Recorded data

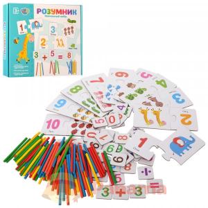 На картках зображені знаки і цифри, їх можна використовувати для складання задачок на віднімання і додавання. Рахункові палички потренують усний рахунок. Вік: від 3 років Матеріал: дерево, картон, пластик Розміри: 25x21,5x4см Комплектація: 50 карток цифр і знаків, 100 паличок для рахунку, 10 пазлів (складаються з двох частин) Виробник: Limo Toy Зроблено в: Китай
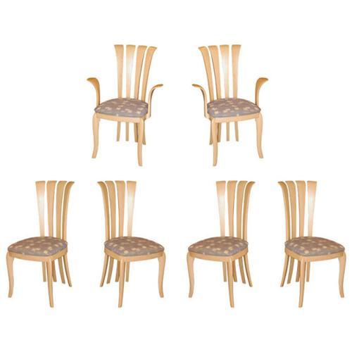 Set of six A. Sibau chairs. Two arms chairs and four side chairs. Please call for dimensions as the arm chairs and side chairs are different.
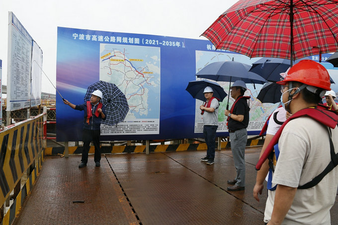 本站消息 6月10日下午,寧波市象山縣交通開發(fā)集團(tuán)有限公司主持工作的副總經(jīng)理舒成效帶隊(duì)到中鐵十五局集團(tuán)杭甬項(xiàng)目濱?;ネìF(xiàn)場(chǎng)觀摩。
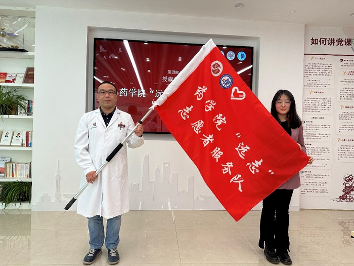 药剂科副主任庄峻荣向顾一雯授色情片 “远志”志愿者服务队队旗。
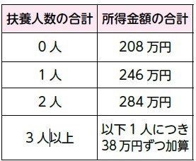 所得制限額は、受給資格者とその配偶者の扶養人数の合計により変わります。
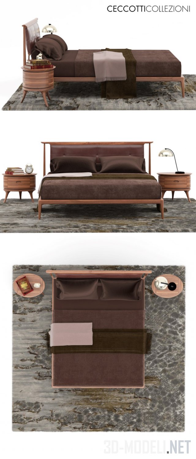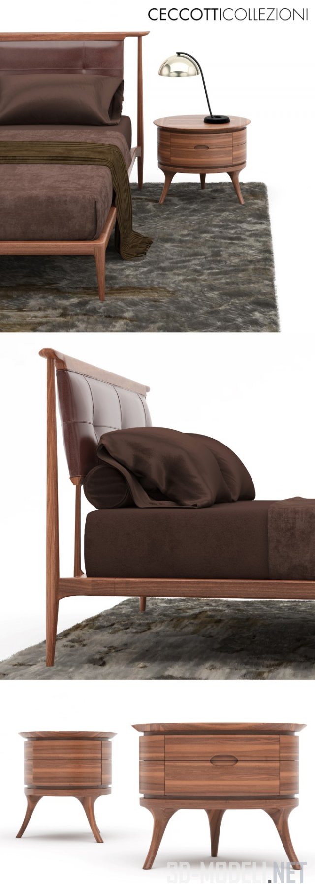 Современная кровать CECCOTTI DEMASIADO CORAZON итальянского производства. Кровать с мягким изголовьем из массива американского ореха. Основание кровати сделано из фанеры. Обивка изголовья выполнена из кожи красивого шоколадного цвета. Две круглые прикроватные тумбочки CECCOTTI AINDA с настольной лампой, книгами и будильником отлично дополняют набор.

ACTIVITY:
Starting with the line that holds "本站消息 6月10日下午,寧", print each line through the last one of the data exactly as written, but do not include the pictures.

RESPONSE FOR THIS EXERCISE:
 本站消息 6月10日下午,寧波市象山縣交通開發(fā)集團(tuán)有限公司主持工作的副總經(jīng)理舒成效帶隊(duì)到中鐵十五局集團(tuán)杭甬項(xiàng)目濱?;ネìF(xiàn)場(chǎng)觀摩。
 药剂科副主任庄峻荣向顾一雯授色情片 “远志”志愿者服务队队旗。
 所得制限額は、受給資格者とその配偶者の扶養人数の合計により変わります。
 Современная кровать CECCOTTI DEMASIADO CORAZON итальянского производства. Кровать с мягким изголовьем из массива американского ореха. Основание кровати сделано из фанеры. Обивка изголовья выполнена из кожи красивого шоколадного цвета. Две круглые прикроватные тумбочки CECCOTTI AINDA с настольной лампой, книгами и будильником отлично дополняют набор.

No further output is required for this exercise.